China does not pose an economic threat; Utah is positioned to do some amazing things in the global marketplace; and innovative thinking will eventually become second nature to students at the Jon M. Huntsman School of Business.
At least that’s the way the school’s new executive director of entrepreneurial programs, Dave Clark, seems to see things. Clark, who comes to Logan from Salt Lake City, where he was president and CEO of Prolexys Pharmaceuticals, Inc., aims to help students bring out their entrepreneurial instincts and see the new opportunities now available to them on a global scale.
Some may think of entrepreneurs as people who are willing go out on a limb and bet all they own on the success of a start-up venture. Entrepreneurship is more than that, Clark said.
“Entrepreneurship isn’t just for people who are risk takers,” he said. “Entrepreneurship is a spirit that reflects innovative thinking in whatever setting you find yourself and that can be in General Motors or it can be in the little ski shop you’ve started down on the corner. Everybody can think more innovatively.”
Clark is exactly what the Huntsman School of Business needs right now to move its entrepreneurship efforts forward, according to Dean Douglas D. Anderson.
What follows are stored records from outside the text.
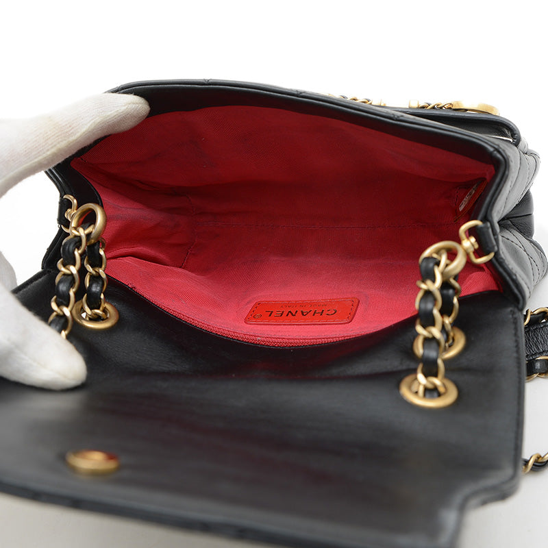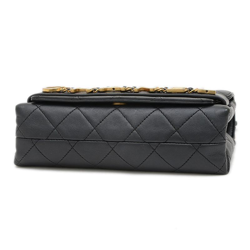マトラッセ ロゴ チェーンショルダー ラムスキン ブラック ゴールド金具 AS4190 ショルダーバッグ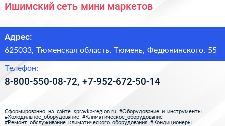 Ишимский, сеть мини-маркетов по адресу 625033, Тюменская область, Тюмень, Федюнинского, 55 в дальнейшем Организация, размещена в следующих категориях: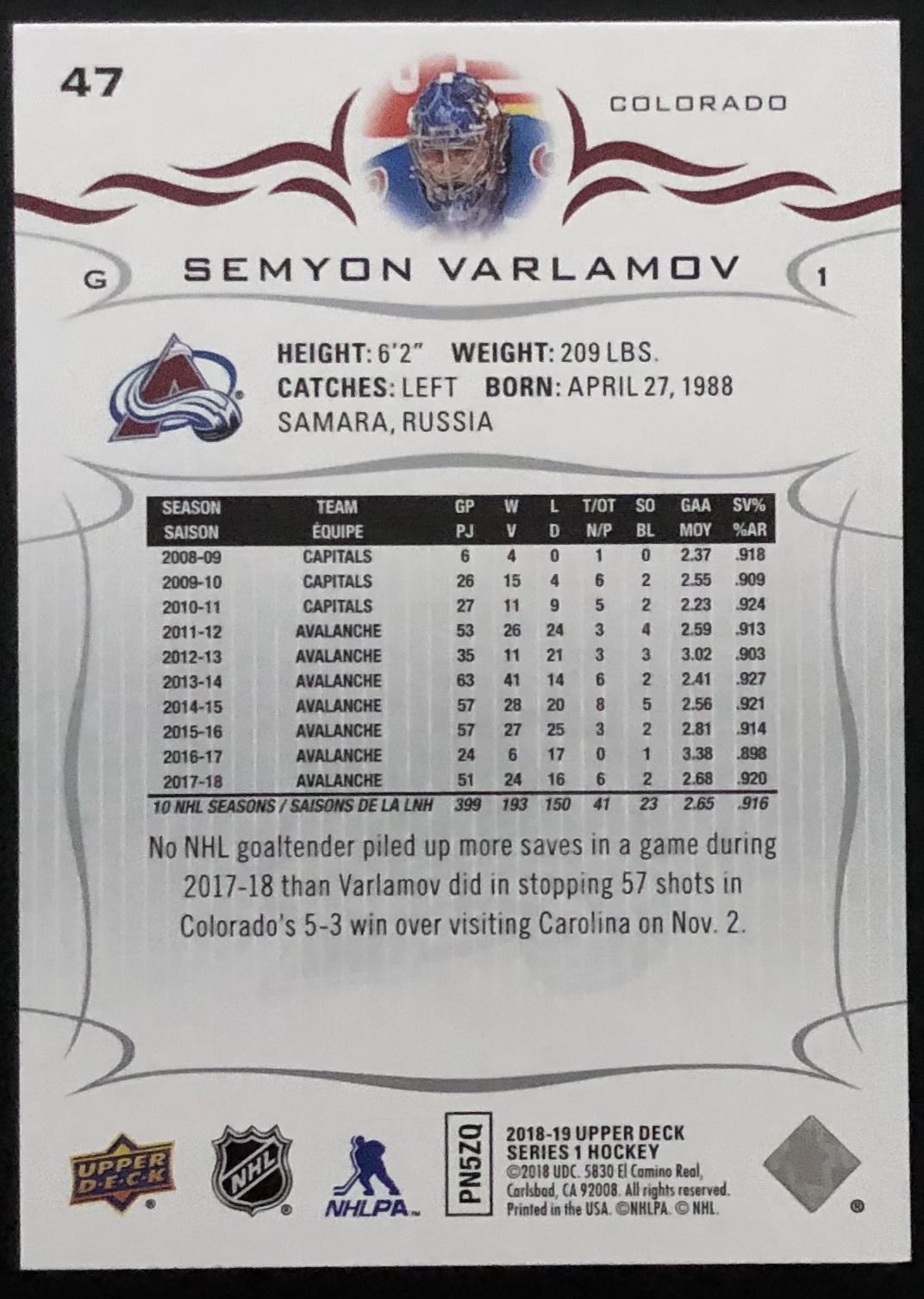 Card #47 hockey, NHL, UD

“We had some very strong candidates for this position but were impressed with Dave’s understanding of our economy and his optimism about what we can do to help our students,” Anderson said. “He believes in our vision of what the Huntsman School of Business can become and he clearly has the leadership skills to make things happen. He will be an incredibly strong addition to our team.”
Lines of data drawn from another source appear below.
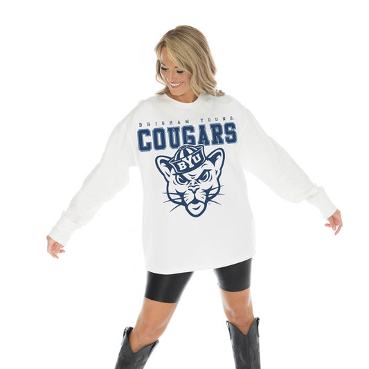 BYU COUGARS BIG GOALS OVERSIZED MIDWEIGHT LONG SLEEVE TEE WITH RIBBED NECKLINE AND CUFFS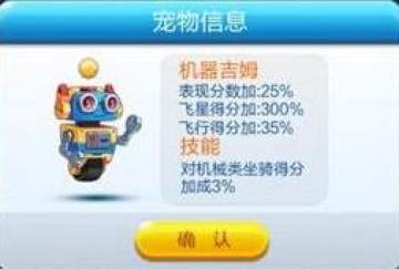 以上是两只宠物的属性技能情况,从数据我们可以看出,机器吉姆的属性加成似乎要比霹雳狗强很多,不过,极其吉姆的技能实在是有些鸡肋。毕竟目前酷跑最强的坐骑中并没有机械类的,而最强的机械类坐骑也就是紫焰哈雷和暗影战车啦!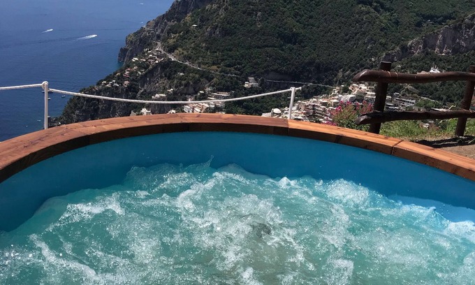 Outside there is a large terrace where you will spend most of your time enjoying the spectacular view. Infact one of the characteristics of the view is that you can see both the Positano and Praiano bays. There is an outside shower with a large shower head and hot and cold water and there is also a standard bath tub. When you have a shower or a bath, you have amazing views. The oversized Jacuzzi does not provide hot water so it is available using only from June .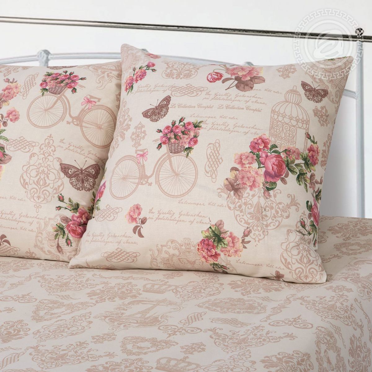 «Шебби-Шик» - постельное белье с рисунком, которое олицетворяет образ французской романтики. Комплект из бязи выполнен в нежных пудровых оттенках и украшен элегантной композицией с любимыми акцентами: Эйфелевой башней, прогулочными велосипедами и охапками душистых цветов. Дизайн в стиле шебби-шик с французским лоском – великолепный винтаж для классической спальни.

Clark graduated from Brigham Young University in 1976 with a bachelor’s degree in botany. He earned a master’s degree at the University of Illinois in agronomy in 1978 and received an MBA from the University of Utah in 1980. He has spent his career in small, innovative business settings. He has directed business development, financial analysis, fundraising, corporate communications and administrative efforts.
Clark set a goal a few years ago to eventually return to a university setting and sees the opportunity to come to USU as ideal. He said the elements are in place for the Huntsman School of Business to make some transformational changes.
“When it comes to opportunities, I don’t know where I’ve seen a situation that is more exciting,” Clark said. “When you combine Mr. Huntsman’s contributions, President Albrecht’s vision, Dean Anderson’s leadership, the enthusiasm of the faculty, the quality of the students and the reputation of this school, we have something substantial on which to build. I believe our work here will change lives and change this university.”
As a member of the USTAR Advisory Board and the Utah Technology Council, Clark has seen some of the possibilities brewing for Utah. He said business leaders with the right mindset can succeed in today’s global economy.
“I’ve heard people describe the emergence of China and India as a threat to our economy,” he said. “That is not a threat. That’s an opportunity. If we’re entrepreneurial in our thinking, we’ll be competitive in world markets by finding innovative ways to work with and take advantage of the energy and drive coming out of these emerging economies. We will create interconnections in ways that haven’t even been imagined yet.”
In addition to teaching, Clark will be directing the eventual establishment of an Entrepreneurship Center that will serve as a resource to Huntsman students and those of other disciplines, especially those in science and engineering. He will also work closely with the Utah Small Business Development Center, USTAR, the eStation at Innovation Campus, the Utah State University Technology Commercialization Office and the Entrepreneur and Business Resource Center in Cache Valley. Clark will also develop and market the services of the Entrepreneurship Center through USU’s regional campus network.
“The Huntsman School of Business is perfectly positioned to foster entrepreneurship as an integral part of its educational offerings and to be recognized for its significant impacts in local, national and global markets,” Clark said.